Content starts

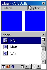 Мы разобрались с "электронными" часами. Попробуем сделать часы "со стрелками": Создаем новый файл размером 100 х 100 px. Вставляем новый слой и в свойствах называем слои соотвественно Arrows и Grid. Разумно, чтобы стрелки были расположены над циферблатом: ![]() На слое Grid рисуем сам циферблат. Здесь разметка. Далее создаем три новых символа с часовой, минутной и секундной стрелками. (Учтите, что поворачиваться "стрелки" будут относительно центра, помеченного "крестиком"). Назовем их соответсвенно HArr, MArr и SArr: ![]() Помещаем символы на слой Arrows и в разделе Instance присвоим им имена HA, MA и SA: ![]() Для первого кадра слоя Arrows в панели ActionScript (не забудьте установить режим ExpertMode) пишем следующий код:
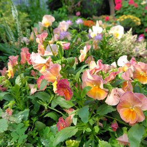 レディオブシャーロットが見頃を迎えています✨ 過去一の咲きっぷりです🤎 スーパーベナのピーチメルバもやっと咲いてきた♥️🩷 垂れるように咲いてほしいな。
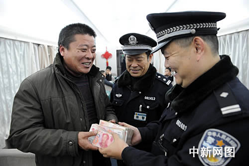 獲知十二萬元巨款找到的消息后,忐忑不安的孟先生終于一塊石頭落了地。當(dāng)晚,孟先生和同事返回徐州,并送上了一面錦旗。在車上,乘警將十二萬元現(xiàn)金交到了孟先生的手中。“真沒想到,錢還能找到,還是咱們警察負(fù)責(zé),為老百姓著想!”喜笑顏開的孟先生連聲贊嘆。(完)
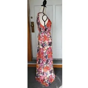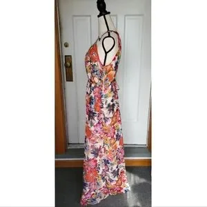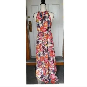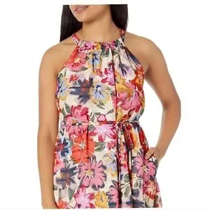 Maggy London Floral Printed Halter Maxi Dress w/ Waist Tie
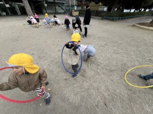 フラフープでは、みんなで連結して電車ごっこ🚃💨
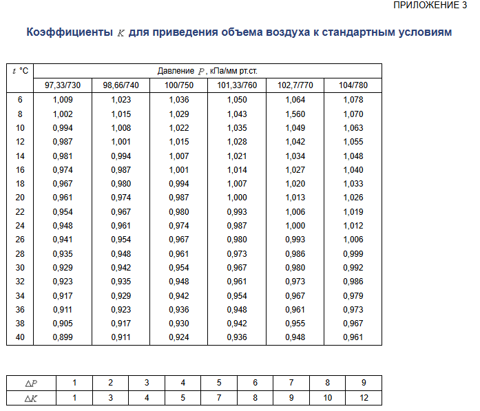 В соответствии с требованиями ГОСТ 12.1.005-76 объем воздуха, аспирированного при отборе проб, приводят к стандартным условиям: температуре 20 °С и барометрическому давлению 101,33 кПа (760 мм рт.ст.) по формуле;
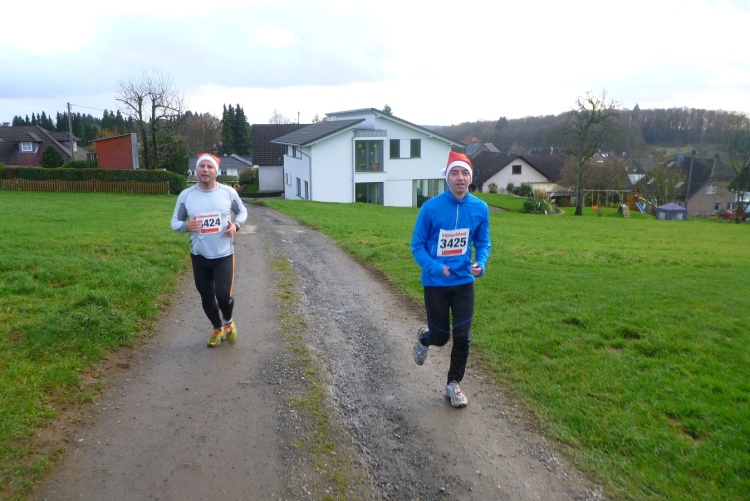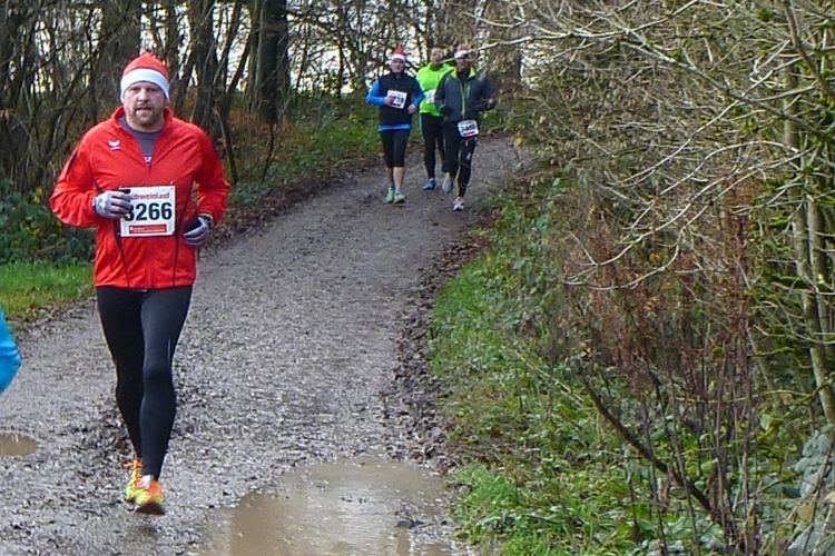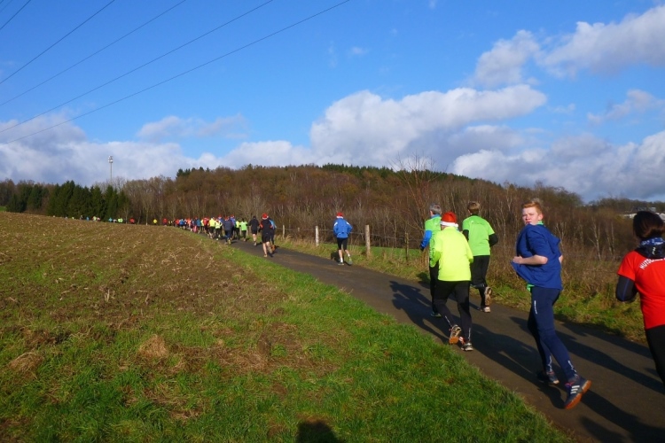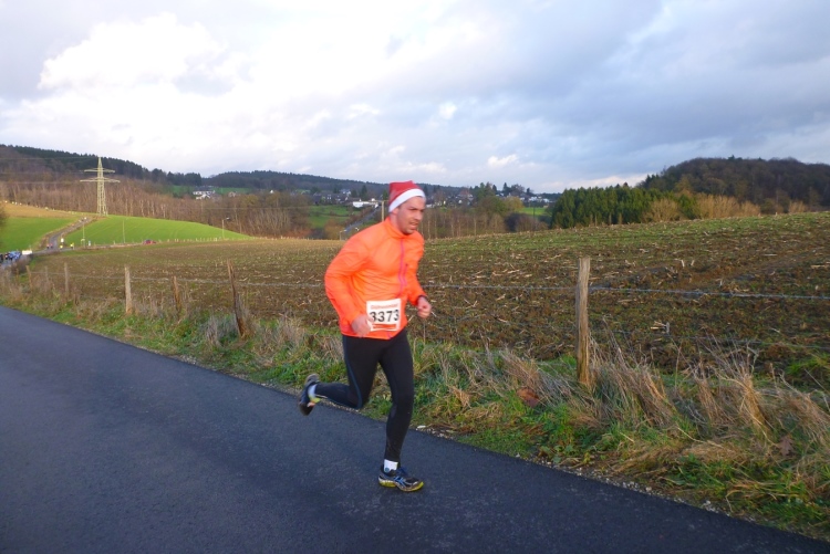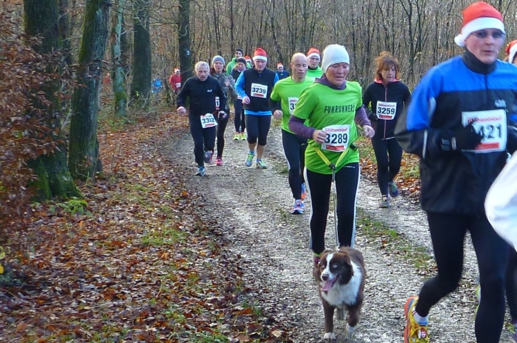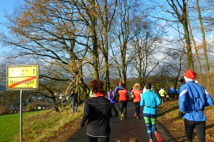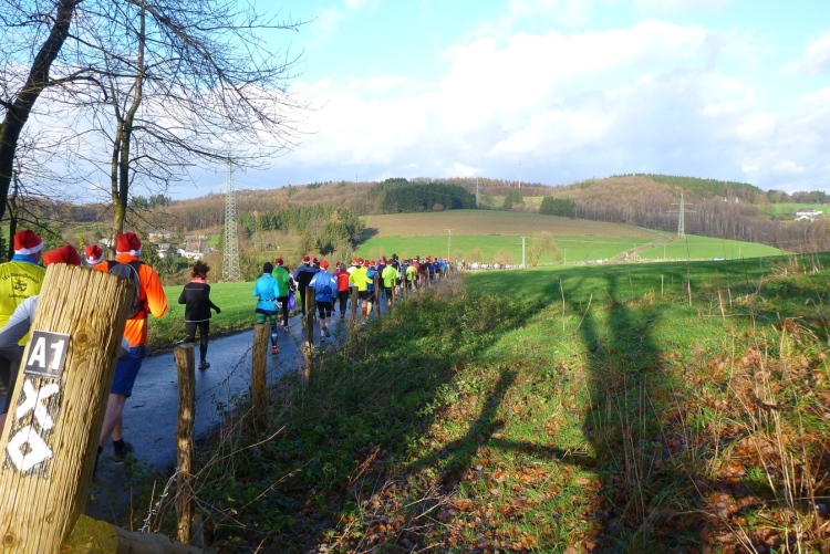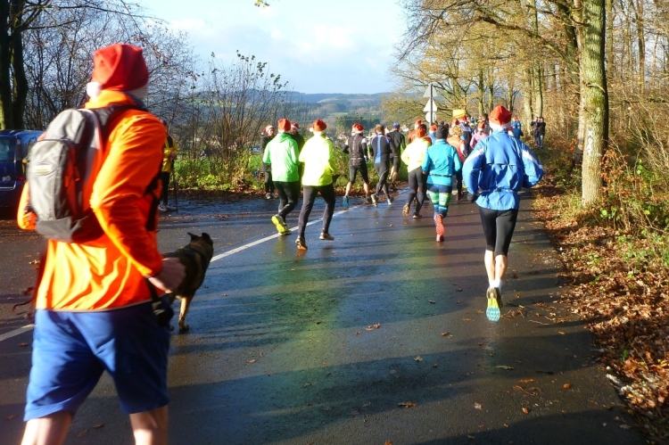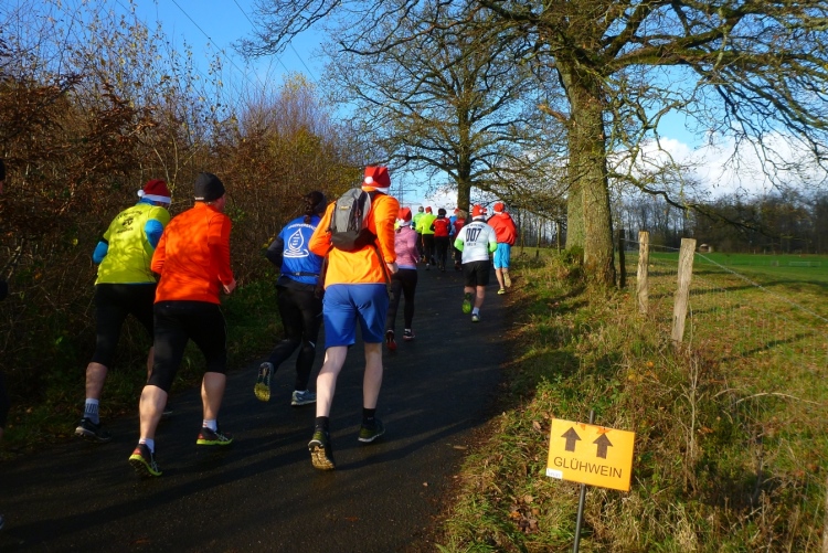 liegen vor uns als Punkt 14 Uhr der Startschuss fällt. Über 200 Läufer nehmen den Glühweinlauf in Angriff. Marcel stürmt vorne los, Dieter haut mir ab, ich trabe gemütlich los. Links sehe ich einen Läufer mit einem stattlichen Schäferhund laufen. Es geht erst einmal steil bergab bis zur Merkausener Straße. Diese überqueren wir gut gesichert von Streckenposten und nehmen gleich die erste happige Steigung in Angriff.
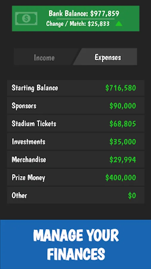 Sign sponsorships, investments & be smart about your club's finances. You won't be successful without a healthy balance sheet in this game.
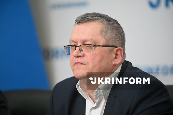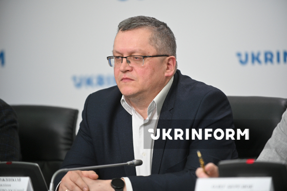 Голова правління АТ "Київський науково-дослідний та проєктно-конструкторський інститут "Енегропроєкт", кандидат технічних наук Юрій Сапожников бере участь у пресконференції на тему: "Проблемні питання ядерної та екологічної безпеки в умовах війни (на прикладі ЗАЕС, Каховської ГЕС та міжнародних нафто- і газопроводів)" в Українському національному інформаційному агентстві "Укрінформ", Київ, 17 березня 2026 року.
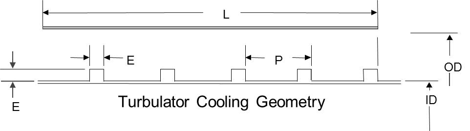 There Turbulator element models the frictional pressure drop across the Turbulated passage. This element can be found under both “Compressible Gas Elements” & “Incompressible Liquid Elements”. The geometric inputs like inner diameter (ID), outer diameter (OD), passage length(L), Rib Pitch (P), Rib height (E) are mandatory inputs. Apart from these, inputs related to friction are required if friction options are selected. Descriptions about each input is described below in “Turbulator Element Inputs” section.
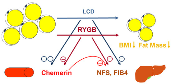 Figure 8. Circulating chemerin concentrations significantly decline during therapy-induced loss of body weight, BMI, and fat mass. The downregulation appears to be more pronounced under LCD than after RYGB surgery. Furthermore, reductions in body weight and fat mass are partially accompanied by a decrease in NFS [32] and FIB4 values, indicating reduced liver fibrosis risk. These changes in NFS and FIB4 during RYGB-induced weight loss are negatively correlated with chemerin kinetics, suggesting the hypothesis of chemerin being involved in the process of hepatic amelioration during post-surgical weight loss.
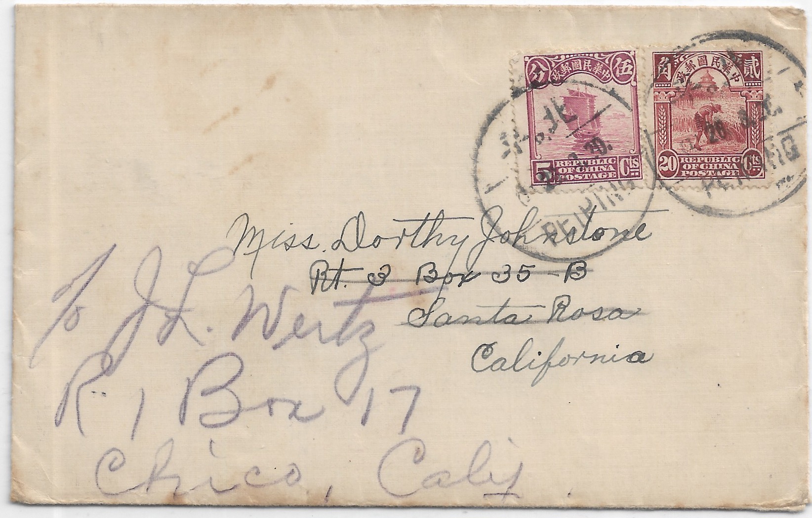| 193x 39th Co, American Legation Peking, China to Santa Rosa, Ca fwd Chico. | Price: $30.00
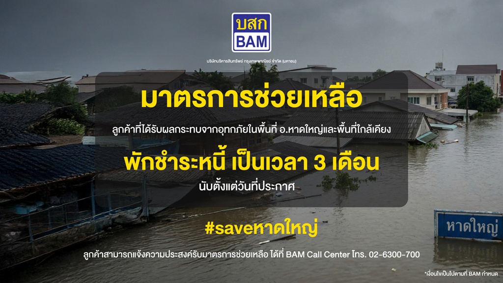 BAM ห่วงใยลูกค้า พนักงาน และชุมชนที่ได้รับผลกระทบจากเหตุการณ์น้ำท่วมในเขตอำเภอหาดใหญ่ และพื้นที่ภาคใต้ พร้อมเร่งตรวจสอบปัญหาต่าง ๆ ของลูกค้าและพนักงาน และเตรียมพิจารณาให้ความช่วยเหลืออย่างเร่งด่วนด้วยมาตรการพักชำระหนี้ 3 เดือน ขึ้นอยู่กับผลกระทบมากน้อย โดยพิจารณาเป็นรายๆ ไป เพื่อบรรเทาความเดือดร้อนทันที

Content ends

Where the material contains pictures, leave them out and copy the rest verbatim.

 Мы разобрались с "электронными" часами. Попробуем сделать часы "со стрелками": Создаем новый файл размером 100 х 100 px. Вставляем новый слой и в свойствах называем слои соотвественно Arrows и Grid. Разумно, чтобы стрелки были расположены над циферблатом: ![]() На слое Grid рисуем сам циферблат. Здесь разметка. Далее создаем три новых символа с часовой, минутной и секундной стрелками. (Учтите, что поворачиваться "стрелки" будут относительно центра, помеченного "крестиком"). Назовем их соответсвенно HArr, MArr и SArr: ![]() Помещаем символы на слой Arrows и в разделе Instance присвоим им имена HA, MA и SA: ![]() Для первого кадра слоя Arrows в панели ActionScript (не забудьте установить режим ExpertMode) пишем следующий код:
 レディオブシャーロットが見頃を迎えています✨ 過去一の咲きっぷりです🤎 スーパーベナのピーチメルバもやっと咲いてきた♥️🩷 垂れるように咲いてほしいな。
 獲知十二萬元巨款找到的消息后,忐忑不安的孟先生終于一塊石頭落了地。當(dāng)晚,孟先生和同事返回徐州,并送上了一面錦旗。在車上,乘警將十二萬元現(xiàn)金交到了孟先生的手中。“真沒想到,錢還能找到,還是咱們警察負(fù)責(zé),為老百姓著想!”喜笑顏開的孟先生連聲贊嘆。(完)
 Maggy London Floral Printed Halter Maxi Dress w/ Waist Tie
 フラフープでは、みんなで連結して電車ごっこ🚃💨
 В соответствии с требованиями ГОСТ 12.1.005-76 объем воздуха, аспирированного при отборе проб, приводят к стандартным условиям: температуре 20 °С и барометрическому давлению 101,33 кПа (760 мм рт.ст.) по формуле;
 liegen vor uns als Punkt 14 Uhr der Startschuss fällt. Über 200 Läufer nehmen den Glühweinlauf in Angriff. Marcel stürmt vorne los, Dieter haut mir ab, ich trabe gemütlich los. Links sehe ich einen Läufer mit einem stattlichen Schäferhund laufen. Es geht erst einmal steil bergab bis zur Merkausener Straße. Diese überqueren wir gut gesichert von Streckenposten und nehmen gleich die erste happige Steigung in Angriff.
 Sign sponsorships, investments & be smart about your club's finances. You won't be successful without a healthy balance sheet in this game.
 Голова правління АТ "Київський науково-дослідний та проєктно-конструкторський інститут "Енегропроєкт", кандидат технічних наук Юрій Сапожников бере участь у пресконференції на тему: "Проблемні питання ядерної та екологічної безпеки в умовах війни (на прикладі ЗАЕС, Каховської ГЕС та міжнародних нафто- і газопроводів)" в Українському національному інформаційному агентстві "Укрінформ", Київ, 17 березня 2026 року.
 There Turbulator element models the frictional pressure drop across the Turbulated passage. This element can be found under both “Compressible Gas Elements” & “Incompressible Liquid Elements”. The geometric inputs like inner diameter (ID), outer diameter (OD), passage length(L), Rib Pitch (P), Rib height (E) are mandatory inputs. Apart from these, inputs related to friction are required if friction options are selected. Descriptions about each input is described below in “Turbulator Element Inputs” section.
 Figure 8. Circulating chemerin concentrations significantly decline during therapy-induced loss of body weight, BMI, and fat mass. The downregulation appears to be more pronounced under LCD than after RYGB surgery. Furthermore, reductions in body weight and fat mass are partially accompanied by a decrease in NFS [32] and FIB4 values, indicating reduced liver fibrosis risk. These changes in NFS and FIB4 during RYGB-induced weight loss are negatively correlated with chemerin kinetics, suggesting the hypothesis of chemerin being involved in the process of hepatic amelioration during post-surgical weight loss.
| 193x 39th Co, American Legation Peking, China to Santa Rosa, Ca fwd Chico. | Price: $30.00
 BAM ห่วงใยลูกค้า พนักงาน และชุมชนที่ได้รับผลกระทบจากเหตุการณ์น้ำท่วมในเขตอำเภอหาดใหญ่ และพื้นที่ภาคใต้ พร้อมเร่งตรวจสอบปัญหาต่าง ๆ ของลูกค้าและพนักงาน และเตรียมพิจารณาให้ความช่วยเหลืออย่างเร่งด่วนด้วยมาตรการพักชำระหนี้ 3 เดือน ขึ้นอยู่กับผลกระทบมากน้อย โดยพิจารณาเป็นรายๆ ไป เพื่อบรรเทาความเดือดร้อนทันที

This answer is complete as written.